If you’re wanting an SUV packed with features and style, the Renault Koleos Intens could be what you’re looking for.
In a hotly contested medium-sized SUV segment, not only can it get a little crowded as there is so much choice, but it’s hard to stand out if you’re not one who likes to blend in.
One SUV that doesn’t like to mingle with the crowd is the 2019 Renault Koleos Intens 4WD petrol. It is one hell of a handsome car with its distinctive styling, and it has a certain presence on the road. Some will find the ‘running mascara’ daytime-running lights polarising, and the chrome strip running from the headlights to the fake side air vents a bit misplaced, but we are talking French styling here.
Pricing starts from $45,990 before on-road costs for the top-of-the-petrol-range Intens all-wheel-drive variant on test here. If you prefer oilers, there's a diesel Intens for $2000 more. Features packed into the Koleos include blind-spot alert, lane-departure warning, park assist, front and rear parking sensors, a rear-view camera, automatic high beam, with Apple CarPlay and Android Auto standard across the range. Powering the Koleos is a naturally aspirated 2.5-litre petrol engine paired to a CVT transmission.
The main feature of the interior is the 8.7-inch portrait touchscreen, which, again, may polarise some. It is prone to fingerprint marks, and most of the climate controls are operated through the R-LINK 2 infotainment, which on the move can be frustrating. Satellite navigation is easy and clear to use, and go digging in the settings, you’ll find a choice of 17 different cars as the arrowhead, including the classic A110. Neat.
The only downside to the portrait layout of the tablet is Apple CarPlay is viewed in landscape, which doesn't display all that well, but voice command and controls work fine. Bluetooth audio sounded clear through the 12-speaker Bose stereo system, but the receiver commented the caller sounded echoey. You can also change the ambient lighting through the infotainment system (there are five colours to choose from), which also changes the colour of the instrument cluster.
Placement of some buttons around the cabin is a little questionable. The door unlock button is small and hard to find amongst the buttons beneath the touchscreen, and the speed limiter and cruise controls are located near the gearstick, which has always had us scratching our heads. But then again, once you familiarise yourself with the car, these will become second nature over time.
Cabin practicality is great, with a deep centre console that sits at the perfect height for your elbows, and hides two USB points and an AUX plug, but they are hard to reach. The two different-sized cupholders are cooled, which is a really nifty feature, and if you use them to store change or other items, you are able to pull a cover over them. A very grippy removable piece of rubber near the gearstick is large enough for a few phones; however, it lacks a USB, with just a 12V socket present.

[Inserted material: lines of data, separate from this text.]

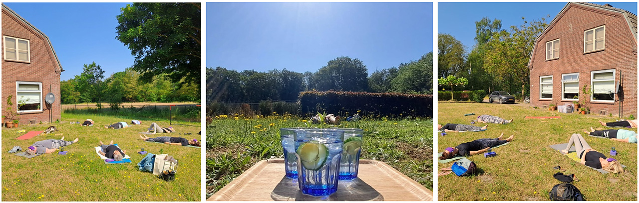 We werken naar een piek toe en bouwen dan weer langzaam af. De les wordt afgesloten met een rustige yin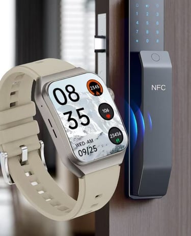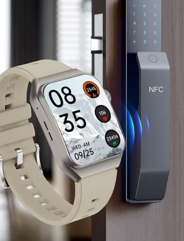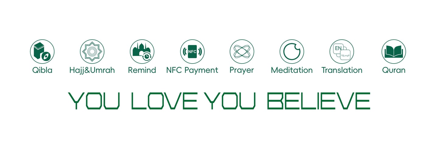 Features table (prayer reminders, certification, NFC payment, health monitoring)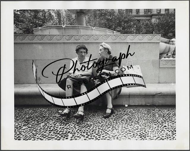 [[Two women, full-length portrait, seated on marble step next to fountain (partia

One item I find under-appreciated is sun visor flaps. Some can be useless, but the ones in the Koleos are that big you’ll block the sun no matter how low it is on the horizon.

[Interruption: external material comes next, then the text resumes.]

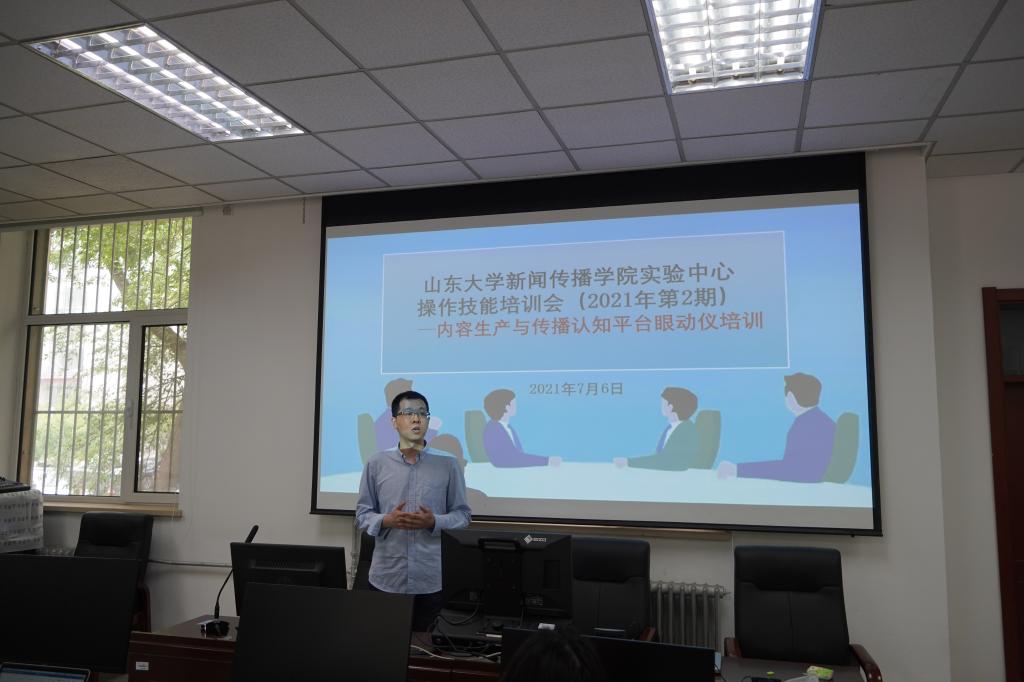 首先,于智源主任介绍了根据公司文件新设立和修订的公司仪器设备管理、使用制度,以及实验室安全规范。对于贵重仪器设备采用专人管理,师生须接受专业操作和安全培训后预约使用。此次培训设备——眼动仪是前期获批的实验室建设项目成果之一,有助于丰富传播认知研究相关课程的教学环节。

The leather seats are heated and cooled, and in the thick of Melbourne’s winter, they warmed up in about one minute. I didn’t find the seats to be super supportive, though, when negotiating a sweeping bend, for example, as my back slid around. Could be more suited to a larger person, perhaps. It’s quite spacious in the front, but head room is compromised by 6.2cm with the standard panoramic sunroof.
Over in the rear, there’s loads of leg room, but once again the sunroof hinders head room. Vision is fantastic, especially for kids, with large side windows that are placed low. There are a few places to hide things as well, with two very wide netted map pockets, large door bin storage and a fold-down armrest with two cupholders. The LED reading lights are as bright as an airplane reading light, and there are two USBs, one AUX and 12V, complemented with air vents. Plenty to keep rear-seat passengers comfortable.
After opening the hands-free powered tailgate, you’re able to fit 458L of things in the boot, and once the 60:40 rear seats are folded via levers in the boot or the seats, it can be expanded to 1690L. It has a low loading height, with four tie-down latches, a 12-volt socket, two deep side storage compartments, and a cargo cover. The spare wheel is 17 inches in size; one inch smaller than the full-size wheels fitted to this vehicle.
The Koleos shares its drivetrain with the Nissan X-Trail, so you would assume reliability wouldn't be an issue. The 2.5-litre naturally aspirated petrol engine rattles into life when started, and produces 126kW of power and 226Nm of torque. It takes 9.8 seconds to reach 100km/h on its way to a top speed of 199km/h.
It can feel a bit lethargic getting up to speed on the freeway, but the majority of its driving would most likely be around town, where performance isn’t as critical. If tight streets are where you spend most of your time, the Koleos's 11.4m turning circle is quite good, around 1.3m tighter than the Holden Equinox.
A fair amount of freeway driving was done over our week we had the Koleos, and the final fuel reading was down to 6.2L/100km – way under the claimed combined figure of 8.3L/100km. The driver information screen displays a white leaf that gradually fills up when you’re driving frugally, and then gives you a global score via the infotainment screen. I achieved 62/100 over 36km, with a distance of 7km travelled without fuel consumption. It’s an interesting thing to keep an eye on.
Over 80km/h, the giant side mirrors generate a fair amount of wind noise, though there is marginal road noise coming from the 18-inch wheels. Worth noting is our test car had 18-inch wheels fitted so that it was available for our SUV comparison, even though the Intens now comes with 19-inch wheels standard. So, unfortunately, we can’t comment on how the standard wheels ride, but on the 18s you can feel the smaller bumps and can feel slightly unsettled at times, though overall the ride quality is fine.
The X-tronic CVT keeps the revs low – even at around 40km/h, it will happily sit around 1000rpm. On the very rare occasion, stuck in stop/start peak-hour traffic, it felt a bit jerky; however, it does its job well at keeping fuel usage low.
The Koleos has a five-year/unlimited-kilometre warranty with four years of roadside assist. It was last tested in 2017 and received a five-star ANCAP safety rating.
Service intervals are lengthy at every 30,000km or 12 months at a capped price of $349 for the first three visits. A bit strange considering its Nissan X-Trail cousin has intervals at every 10,000km and has the same drivetrain.
Every 24 months or 30,000km the air and pollen filters need to be replaced, meaning every two services you'll be shelling out an extra $52 and $46 respectively. That means for the first 36 months or 90,000km, you'll pay a minimum of $1145 in scheduled maintenance – not too bad.
The Koleos isn’t the most thrilling SUV on offer, but it gets the job done without too much fuss thanks to its spacious interior, great fuel economy, and unique styling, which overlooks its rattly engine and long service intervals. If you’re after a European SUV with Japanese reliability, it won’t hurt to take a look at the Koleos.